CVPR'24 | NeRF新突破，启发式引导分割解决瞬态干扰

Source: 3D Vision Workshop

Add a small assistant: dddvision, note: direction + school/company + nickname, pull you into the group. At the end of the article, industry subdivisions are attached

论文题目：NeRF-HuGS: Improved Neural Radiance Fields in Non-static Scenes Using Heuristics-Guided Segmentation

作者:Jiahao Chen, Yipeng Qin等

作者机构：Sun Yat-sen University ,Cardiff University 等

Paper link: https://arxiv.org/pdf/2403.17537.pdf

Code Connection: https://cnhaox.github.io/NeRF-HuGS/

This paper introduces a new method called NeRF-HuGS that aims to improve the performance of neural radiance fields (NeRF) in non-static scenes. NeRF is known for its excellence in new perspective compositing and 3D scene reconstruction, but has problems dealing with transient disturbances such as moving objects or shadows. To solve this problem, the researchers proposed the "Heuristic Guided Segmentation" (HuGS) paradigm, which significantly enhances the separation of static scenes from transient interferers by combining hand-crafted heuristics and state-of-the-art segmentation models. They devised elaborate heuristics, including a fusion of kinematic structure-based (SfM)-based heuristics and color residual heuristics, to accommodate a variety of texture profiles. Experiments show that this method is superior and robust in mitigating the transient interference of NeRF trained in non-static scenes.

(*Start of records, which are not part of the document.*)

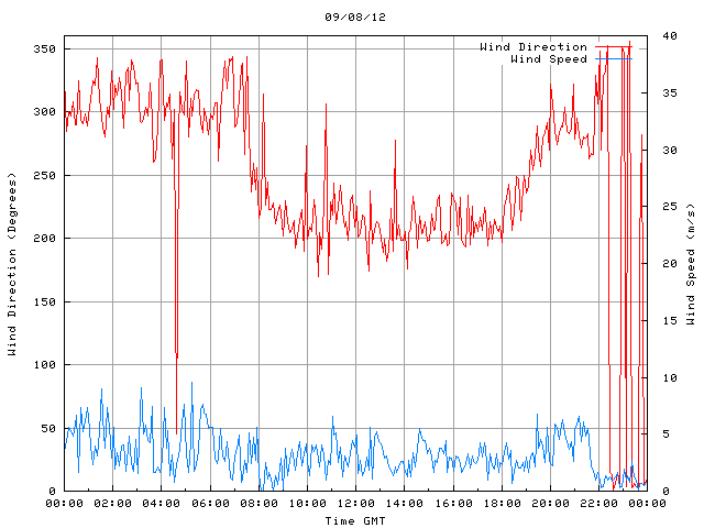 - Max Wind Speed: 9.6 ms-1 Time: 5:16:09 GMT
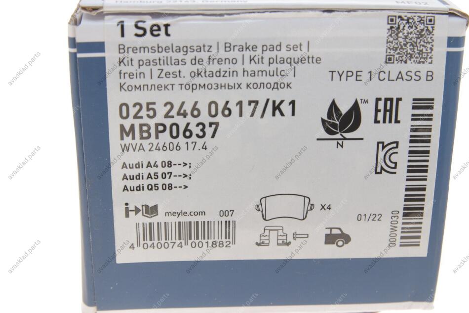 Комплект гальмівних колодок MEYLE 025 246 0617/K1
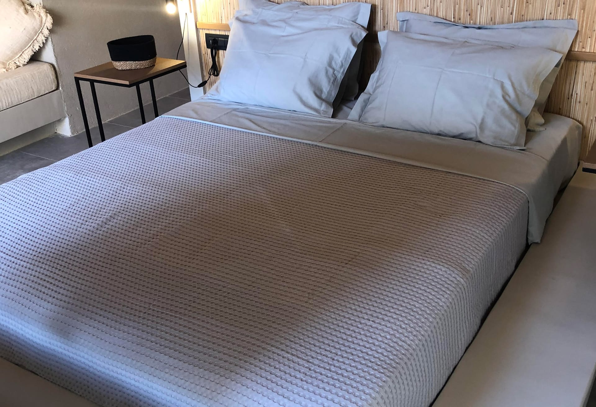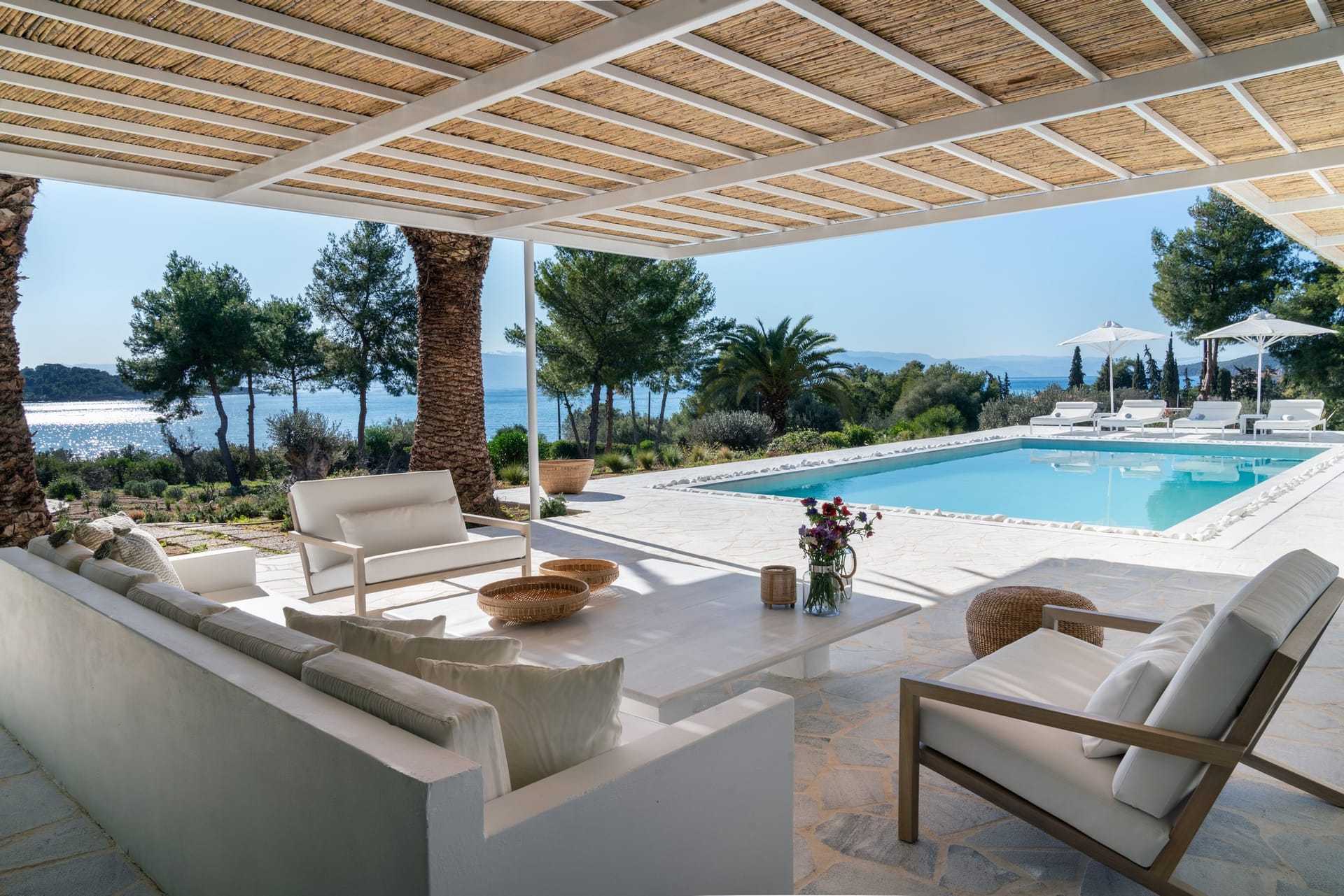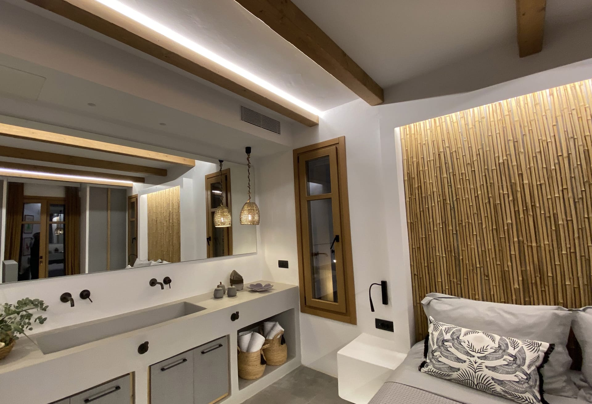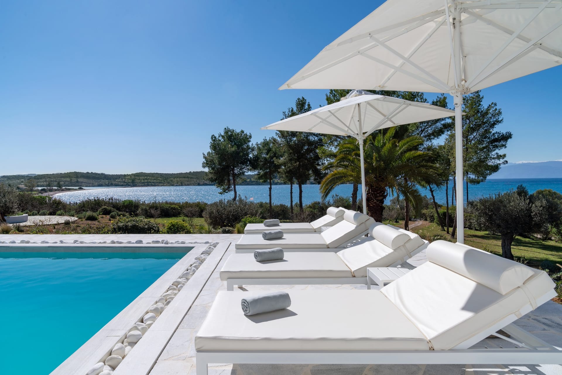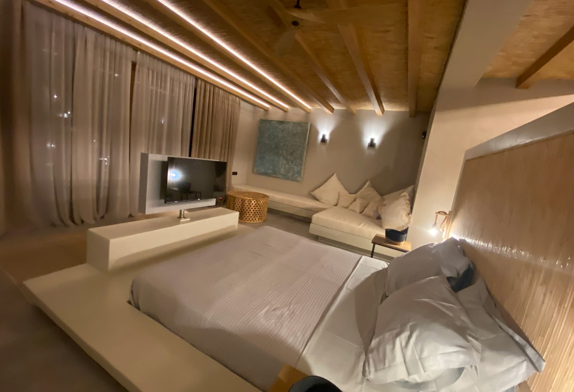 A private pool with a breathtaking view is available, and guests are also close to one of the best sandy beaches on the island (5 minutes away). In addition, there is a well-equipped in-house private gym and a yoga and meditation area on the terrace with a heated jacuzzi. The heating and cooling systems in the farmhouse can be adjusted independently, making it a pleasant retreat no matter the season.
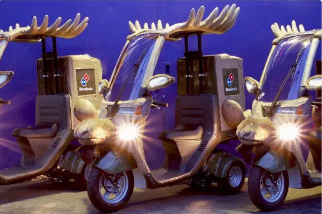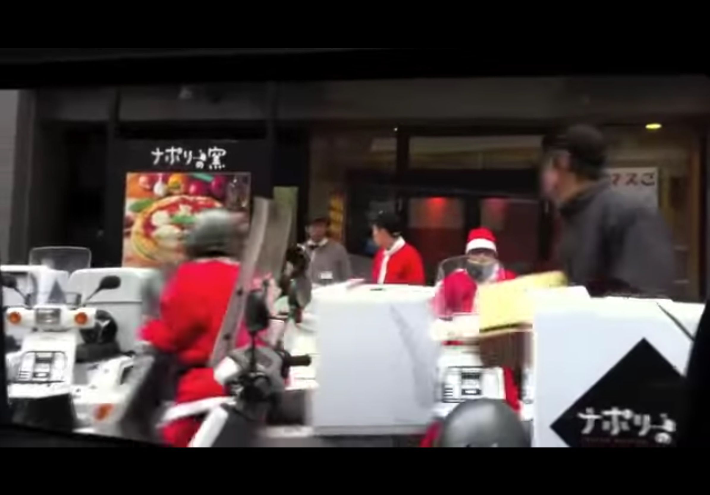 ド○ノピザの配達バイクのお兄さんがサンタクロースの格好で目の前に急に飛び出してきました。

This paper proposes a novel method to solve the transient interference problem common in NeRF training, which is of great significance for improving the applicability and robustness of NeRF models in the real world. By combining manual heuristics and semantic segmentation models, the method is able to accurately identify and segment transient interferences without any prior knowledge. The innovation of this approach lies in its combination of the advantages of different heuristics and models to achieve efficient handling of transient disturbances in complex scenes. Experimental results show that the proposed method has achieved significant improvement in perspective synthesis and segmentation tasks, and proves its potential in practical application. Overall, the method proposed in this paper provides an effective way to improve the performance of NeRF models in non-static scenes, and has certain enlightening significance for promoting research in the field of 3D scene reconstruction and perspective synthesis.

This paper introduces a new method called NeRF-HuGS to improve the performance of neural radiance fields (NeRF) in non-static scenes. NeRF is a technique that has made remarkable achievements in the synthesis of new perspectives, but is prone to undesirable artifacts when dealing with transient interferences such as moving objects or shadows. To solve this problem, this paper proposes a method called Heuristic Guided Segmentation (HuGS), which significantly enhances the separation of static scenes from transient interferers by combining the advantages of hand-crafted heuristics and state-of-the-art segmentation models. Specifically, the method is able to effectively identify static elements under various texture profiles by fusing kinematic structure-based heuristics and color residual heuristics. Experimental results show that the NeRF-HuGS method has excellent performance and robustness in mitigating transient interferences, and significantly improves the effect of NeRF training in non-static scenes.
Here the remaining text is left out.